*EXERCISE DIRECTIONS*
Begin at the line holding "A l'étage : un" and set down exactly each line through the last one below, omitting pictures. Include nothing else.

[Records from a data collection]
==*==
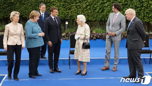 스가 요시히데 일본 총리(왼쪽 위)가 지난 11일부터 3일간 영국 콘월에서 열린 G7 정상회담에서 각국 정상들과 엘리자베스 여왕이 대화를 나누던 중 고립된 모습을 보이고 있다. © AFP=뉴스1 © News1 원태성 기자 |
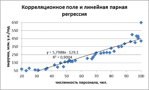 Аналитическая группировка для признаков численность персонала (X) и выручка (Y) представлена в табл. 6. 3. Эмпирическая линия регрессии Для построения эмпирической линии регрессии (рис. 4) требуются данные аналитической группировки (табл. 6). Число точек эмпирической линии регрессии равно числу групп (5).
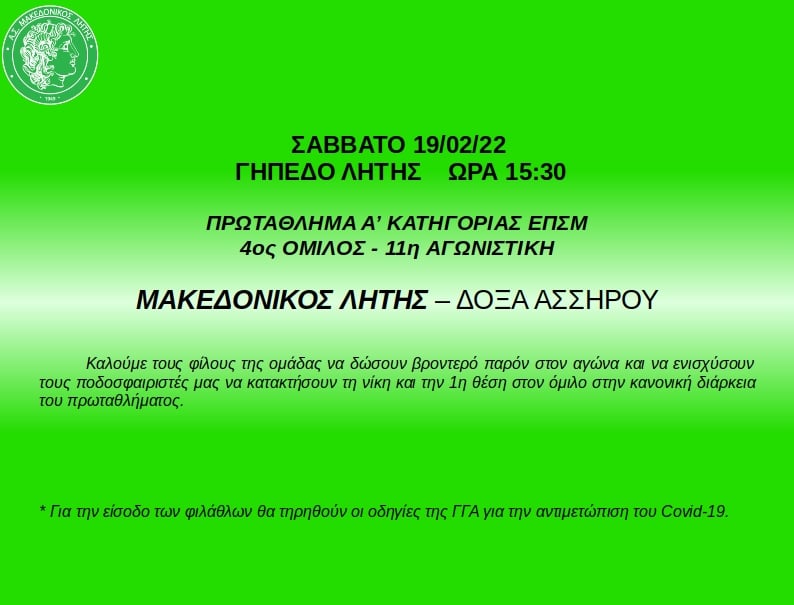 Ντέρμπι κορυφής το Σάββατο 19/2/2022 και ώρα 15:30 με τον Μακεδονικό Λητής να φιλοξενεί την πρωτοπόρο Δόξα Ασσήρου.
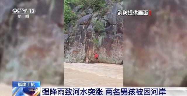 8月12日,福建上杭县消防部门接到报警称:当地因强降雨导致河水突涨,一位在河边玩耍的小孩儿不慎滑入河中,哥哥为救弟弟,也被困河中,打电话向家长求助。
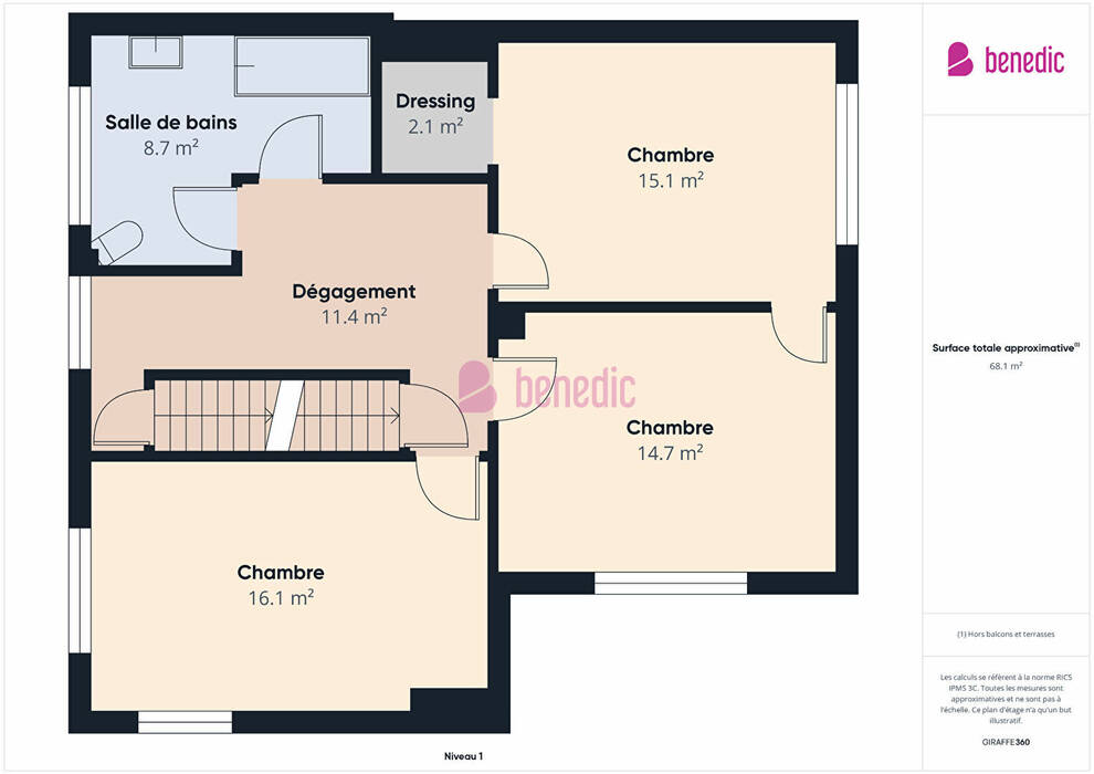 A l'étage : un dégagement, trois chambres dont une avec dressing et une salle de bains avec WC.
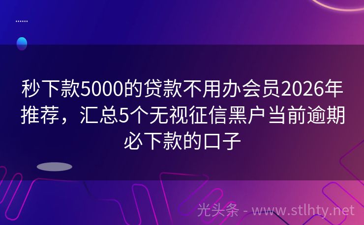 秒下款5000的贷款不用办会员2026年推荐,汇总5个无视征信黑户当前逾期必下款的口子
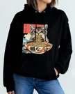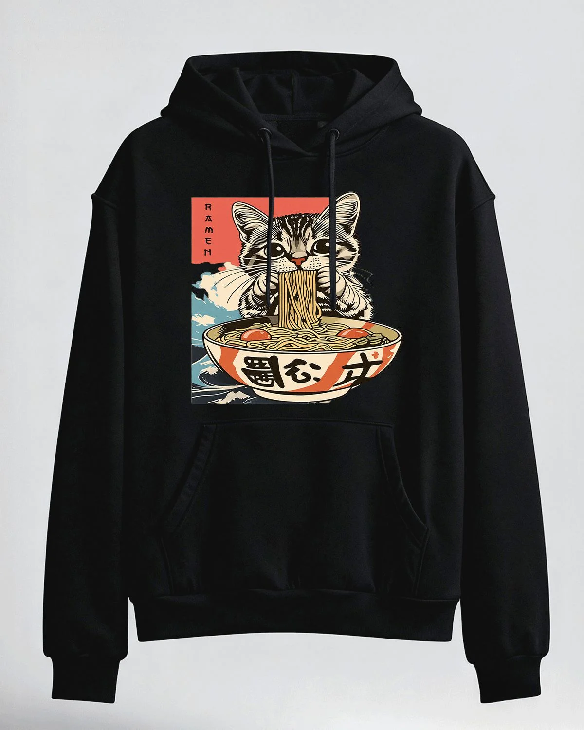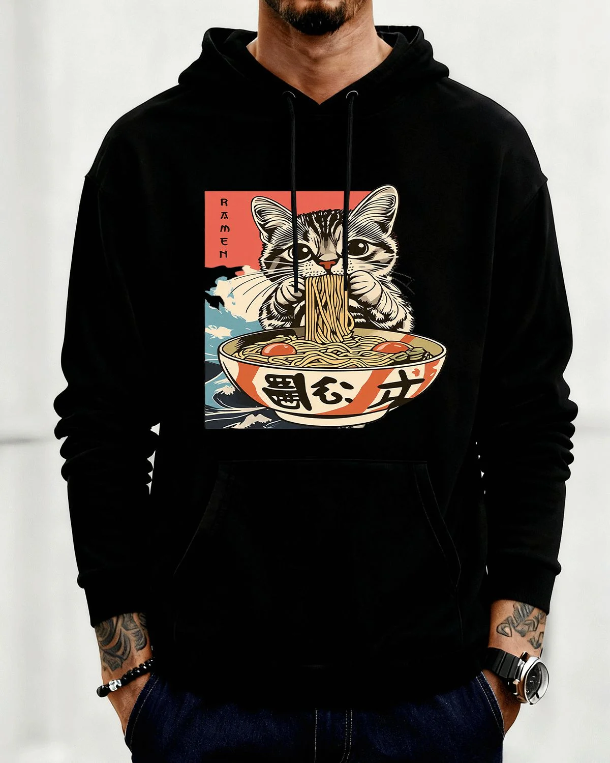 Ramen Cat Eating Noodles Cozy Graphic Hoodie for Men and Women - Vintage Artistic, Long Sleeve, Soft Fabric, Comfortable Fit
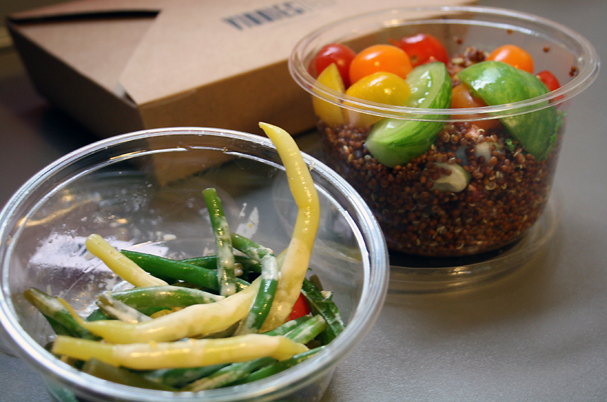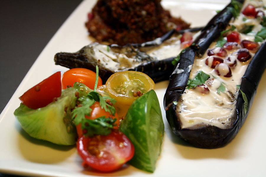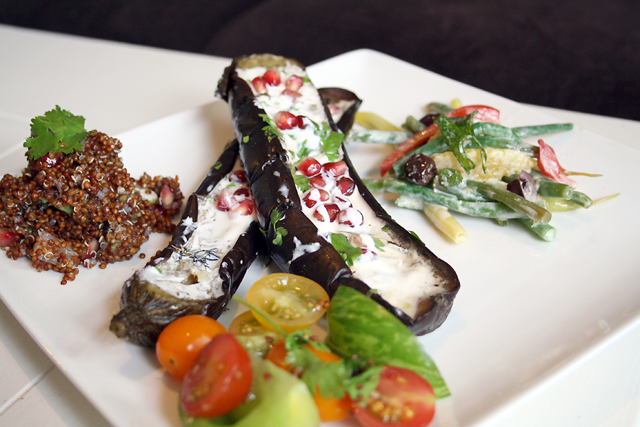 De zaak is gevestigd aan de Haarlemmerstraat 46 HS in Amsterdam, op 10 minuutjes lopen van Amsterdam CS. Wij namen er een vegetarische maaltijd mee (een combinatie van meerdere kleine gerechtjes): gevulde aubergines met een roomsaus en granaatappelpitjes, een tomatensalade (gelukkig eens ’n keer niet alleen maar cherrytomaatjes, hoera!), een bonensalade (ook deze was bijzonder) en quinoa met avocado (superromig) en grote tuinbonen. We waren hier € 12,50 voor kwijt.
==*==
*TASK ANSWER*
 A l'étage : un dégagement, trois chambres dont une avec dressing et une salle de bains avec WC.
 秒下款5000的贷款不用办会员2026年推荐,汇总5个无视征信黑户当前逾期必下款的口子
 Ramen Cat Eating Noodles Cozy Graphic Hoodie for Men and Women - Vintage Artistic, Long Sleeve, Soft Fabric, Comfortable Fit
 De zaak is gevestigd aan de Haarlemmerstraat 46 HS in Amsterdam, op 10 minuutjes lopen van Amsterdam CS. Wij namen er een vegetarische maaltijd mee (een combinatie van meerdere kleine gerechtjes): gevulde aubergines met een roomsaus en granaatappelpitjes, een tomatensalade (gelukkig eens ’n keer niet alleen maar cherrytomaatjes, hoera!), een bonensalade (ook deze was bijzonder) en quinoa met avocado (superromig) en grote tuinbonen. We waren hier € 12,50 voor kwijt.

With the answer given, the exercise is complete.